BASF uses Linux cluster for modelling chemicals

Linux Magazin has a rather interesting article written by BASF researchers about the use of Linux as a research tool. It's nicely detailed, going into the software and hardware problems they encountered, their choice of compiler, and a performance comparison of 10 PCs with a parallel SGI box. They are happy with Linux and are looking forward to 2.2's 4-way and 8-way CPU support. The only problem with this article is that Babelfish chokes on it quite quickly.

English Translation

[gavinhall]

Posted by skansal:

http://208.156.63.31

Kinda poor but enough to get the point.

Later,
Sonu Kansal
straphanger inc.
(the site for developers)

English Translation

[gavinhall]

Posted by skansal:

http://208.156.63.31/linux-mag

Kinda poor but enough to get the point.

Later,
Sonu Kansal
straphanger inc.
(the site for developers:do a netcraft look up and see what were running)

The R&D default

[TopSpin]

Linux appears to be ascending rapidly as the default choice in
high-end research. It seems only natural that researchers would
choose a system with very low cost, high performance, consistent
behavior and total freedom of customization. Linux becomes a sort
of generic research tool. Why not?

In the long run, this will establish credibility for Linux. The
contributions of research institutions have already become a
significant source of improvements to the system. This relationship
is so natural it seems render irrelevant the alternatives.

TURBOMOLE!!!

[Matts]

Can anyone tell us what a turbomole is - inquiring minds want to know...
--

Before & After

[sengan-home]

I would hope the researchers themselves are environmentally conscious. After all, it does not profit them to destroy their environment. Logically the only people that are benefitted by this action are top few percent in the company that can easily move away, and the foreign share-holders. Note that I do not know BASF's track record, I am just pointing out a flaw in your reasoning.

sehr gut!

[Jeff DeMaagd]

he he he!

Before & After -

[Jeff DeMaagd]

At least they wouldn't be paying homage to Microsoft!

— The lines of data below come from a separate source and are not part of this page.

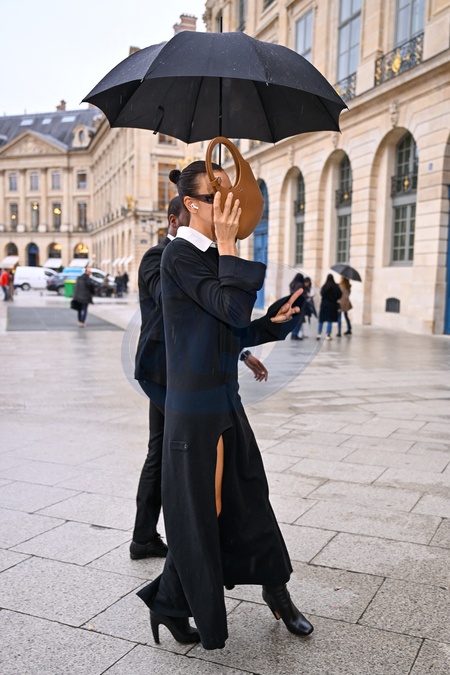 Exclusif - Irina Shayk ne veut pas être photographié à son arrivée pour défiler pour Schiaparelli lors de la mode femme automne / hiver 2024-2025 lors de la Fashion Week de Paris (PFW) au Pavillon Vendôme, à Paris, France, le 29 février 2024. Exclusive - Irina Shayk does not want to be photographed as she arrives to show for Schiaparelli during Fall/Winter 2024-2025 women's fashion during Paris Fashion Week (PFW) at Pavillon Vendôme, in Paris, France, on February 29, 2024.
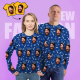 Benutzerdefiniertes Gesicht Unisex Sweatshirt Lässiges Bedrucktes Foto Blaues Rundhalsshirt Für Männer Frauen – Glücklicher Vater
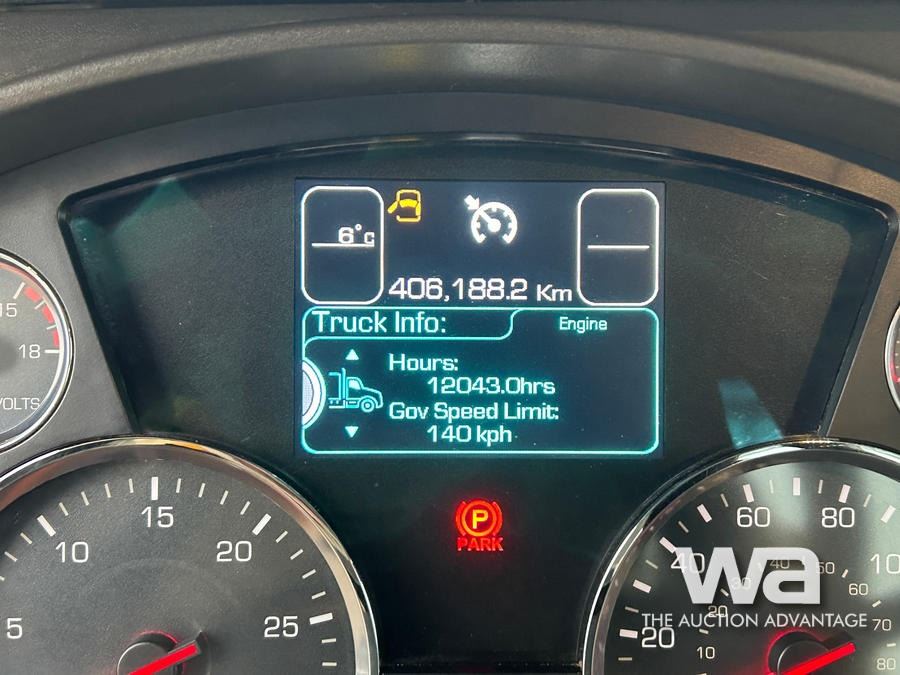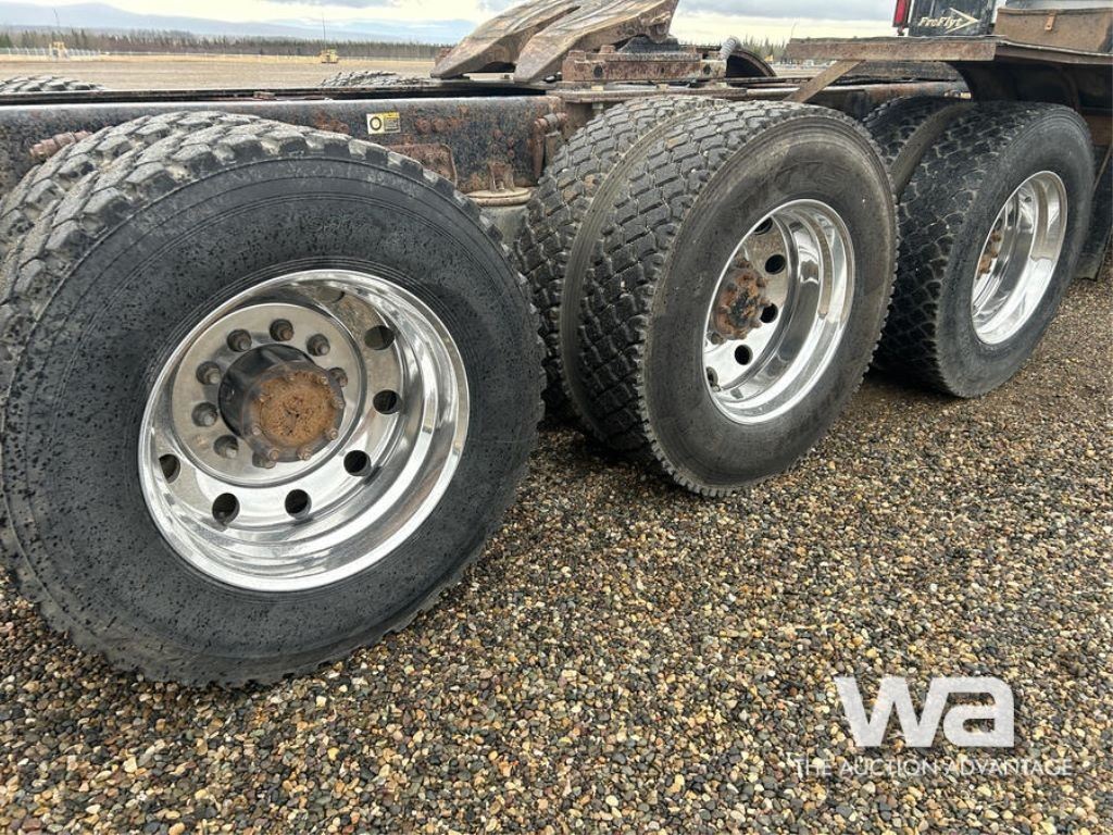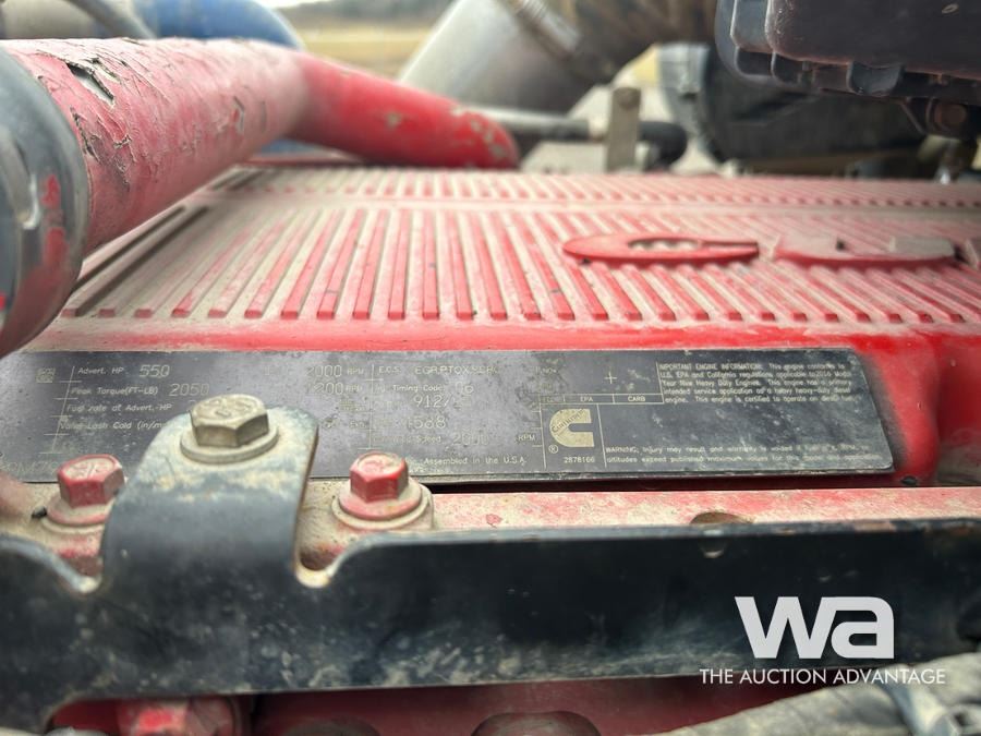 Specifications: UNIT # 1406, CUMMINS ISX15 6 CYLINDER DIESEL 550 HP ENGINE, ENGINE BRAKE, EATON FULLER RTLO-20918B 18-SPEED TRANSMISSION, TRIPLE DIFFERENTIAL LOCKS, 20000 LB FRONT AXLE, 65000 LB REARS, DANA T69-170HP DRIVE AXLES, 85000 LB GVWR, ALUMINUM WHEELS, 425/65R22.5 FRONT TIRES, 11R24.5 REAR TIRES, AIR RIDE SUSPENSION, DOUBLE FRAME
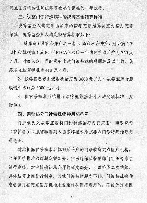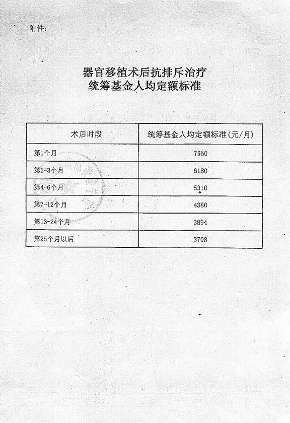 3、器官移植术后抗排斥治疗统筹基金月人均定额标准(详见附件)。
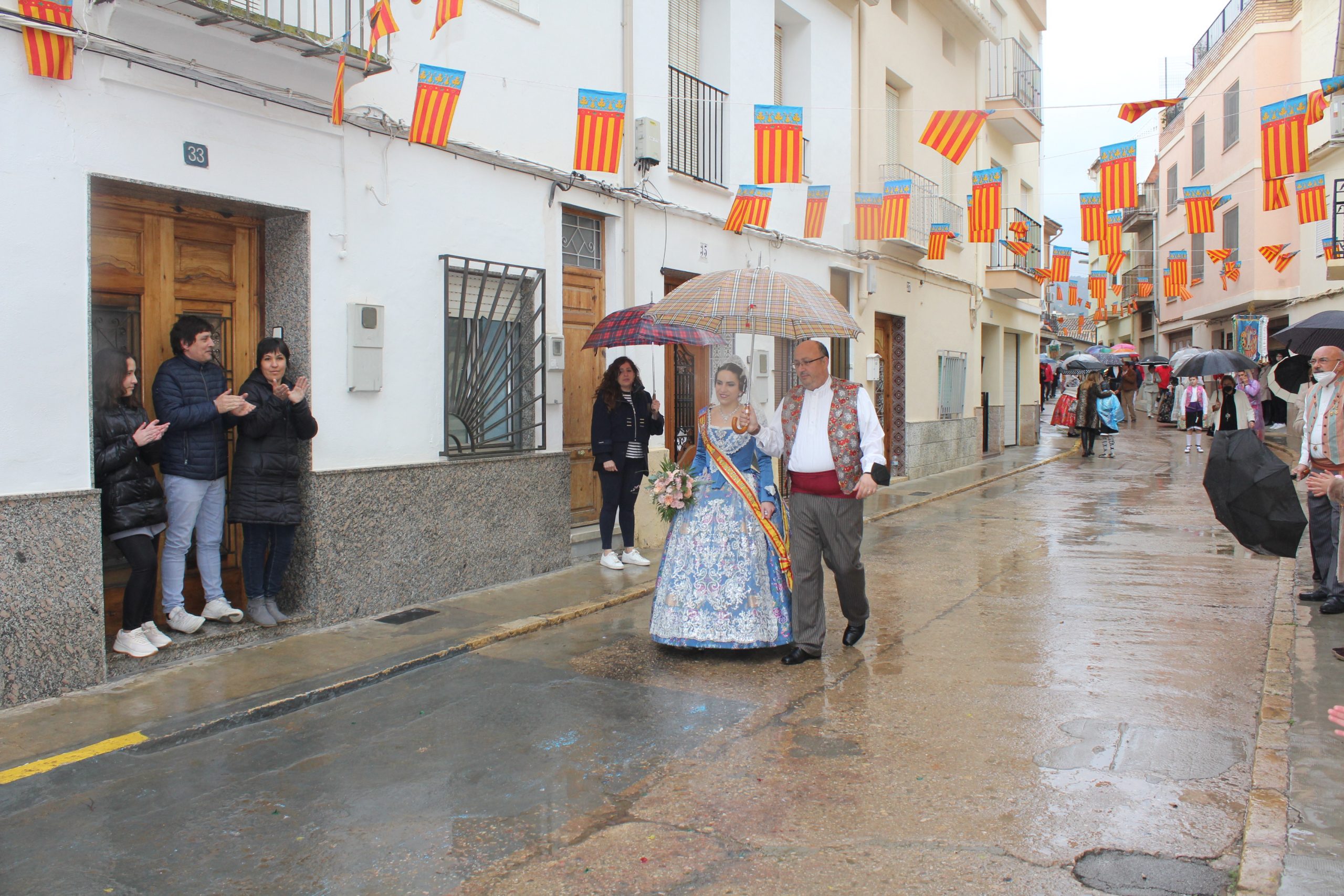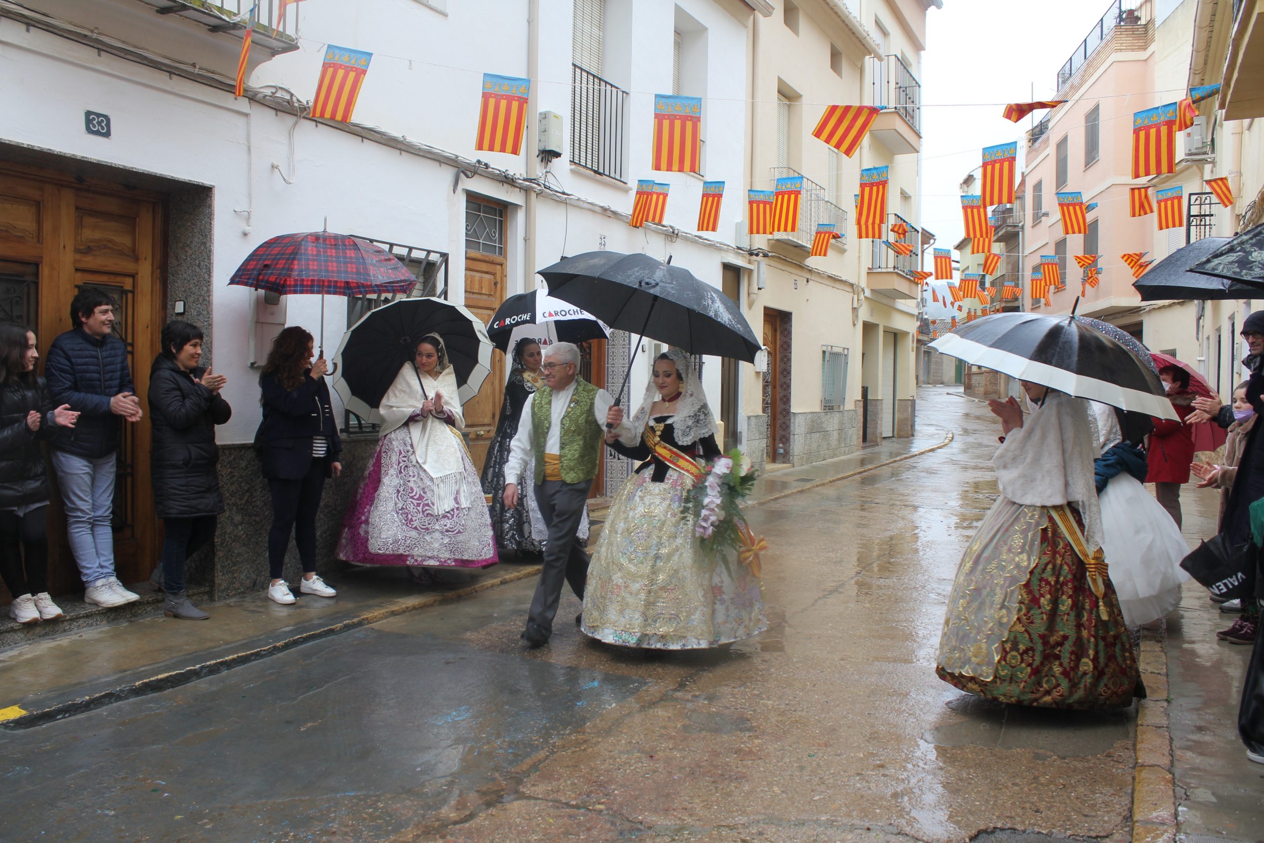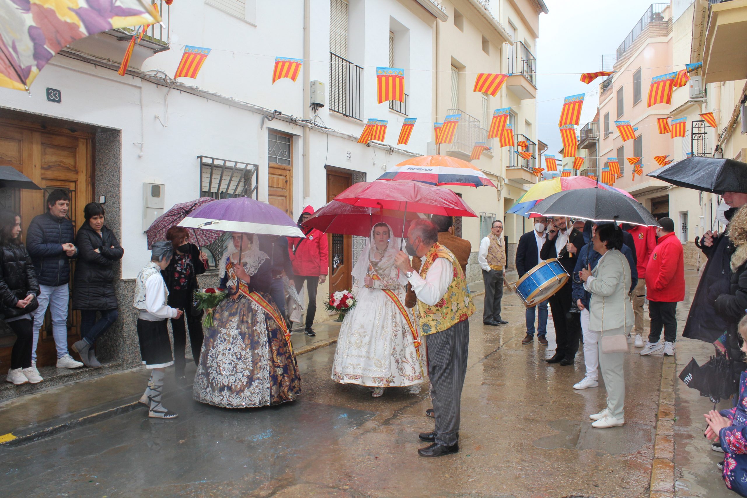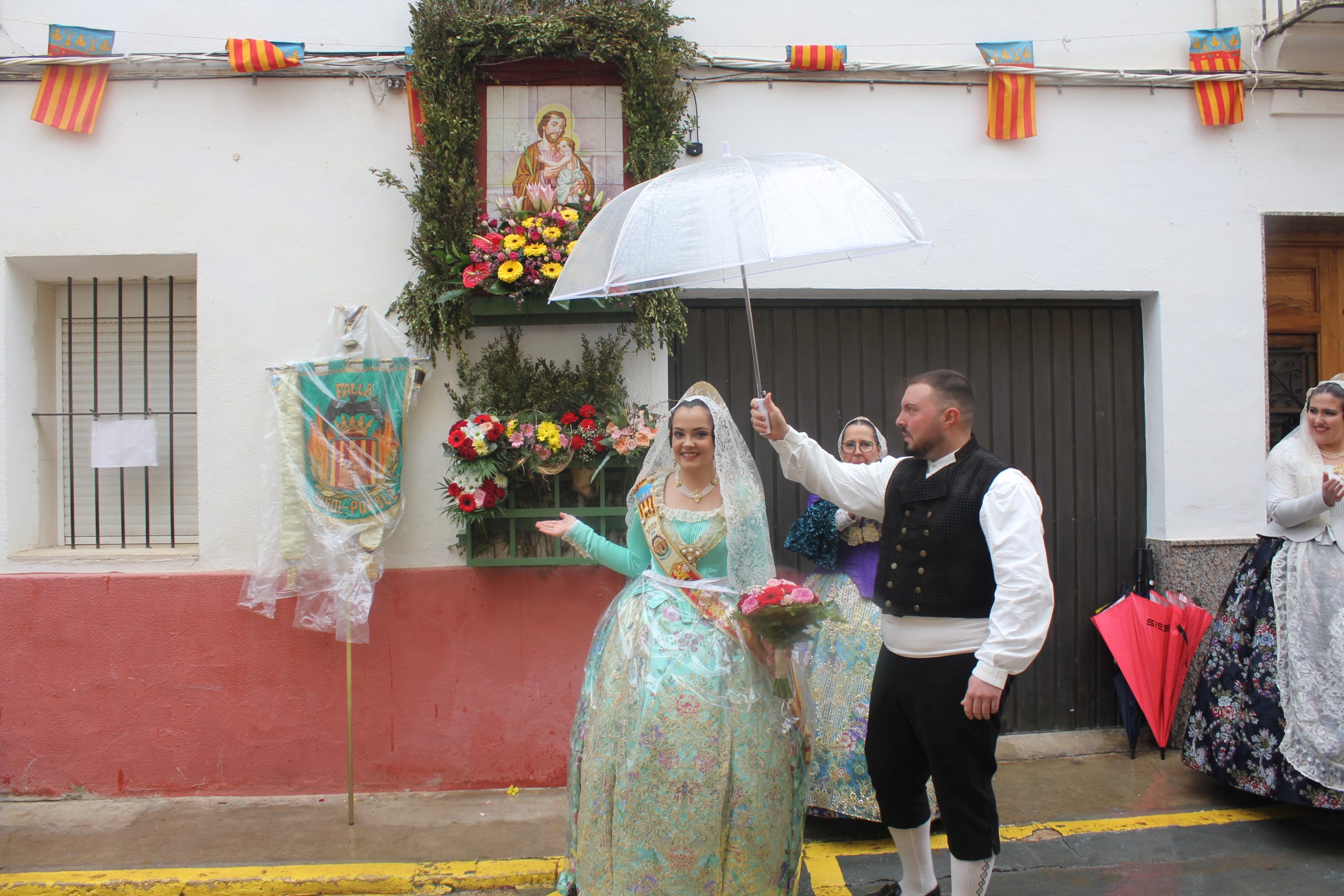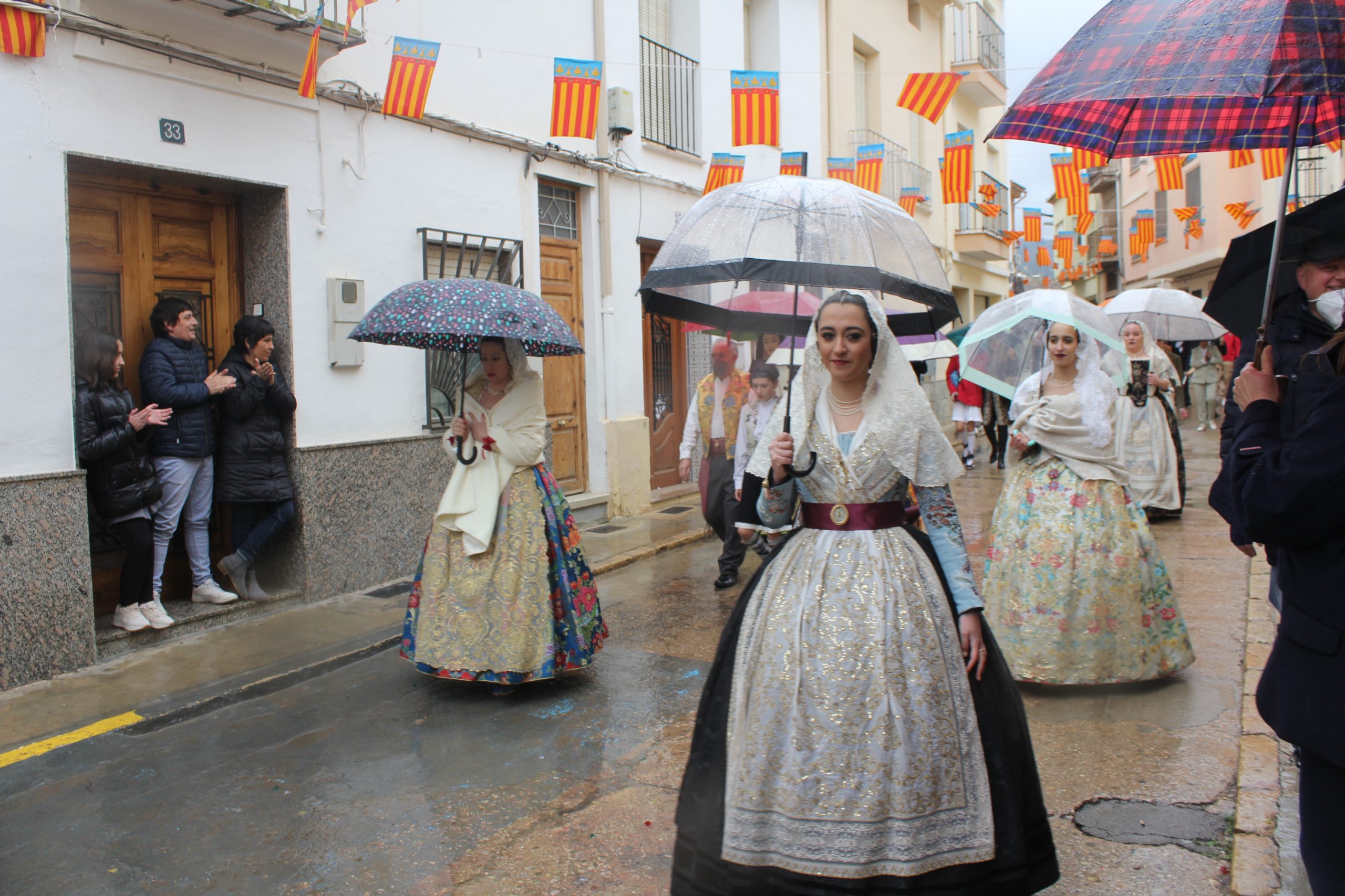 Redacción.- El último día de fallas -como los anteriores- también estuvo protagonizado por las precipitaciones que se dejaron notar en la localidad. Las falleras mayores de las distintas comisiones acudieron a la misa paraguas en ristre. Cuando terminó la eucaristía, la comitiva se dirigió, como es tradición, a la calle Daoíz y Velarde, donde realizaron la ofrenda a la imagen de San José, situada en la conocida calle de «Los Carboneros».

Besides, this is european research being discussed here. European companies seem to be a bit more sensitive to environmental concerns and more driven to consider anything that isn't the bottom line (Geld nicht über alles).

With Linux having more true international character than most other OS's (in design, development, distribution and usage), this would be better for countries that are NOT the US.

A disloyal American signs off...

I say Yeah! but ...

[CresentCityRon]

... I'm also rooting for BSD. I use that all the time at work. Oh well.

Umm...

[Artemisia]

Because some of us can't read any German. In my case, I do quantum mechanics, so the words that Babelfish can't figure out, I can figure out myself. So I could quite easily understand the bit that Babelfish was able to translate, while from the untranslated text I could only understand those words that Bablefish couldn't translate. :)

The R&D default

[arivanov]

It is the R&D default, but only where the money going into the pockets is not proportional to the overall project costs...
Namely - corporations - yes...
Educational sector (most countries) no...

The R&D default

[PeterM from Berkeley]

Well, we certainly use Linux for our plasma
simulations. We use Linux/Alpha too, though that
we've had trouble with. The major thing missing from Linux from our point of view are some very good optimizing compilers. I've tried some of the
commercial offerings and they didn't work well
on our C++ code, which vendor compilers on other
Unixen compile without trouble. egcs/g++ also
work well.

Many of my colleagues here at UCB also use linux heavily for research, and SLAC has just christened a cluster of 16 dual P-IIs for distributed computing.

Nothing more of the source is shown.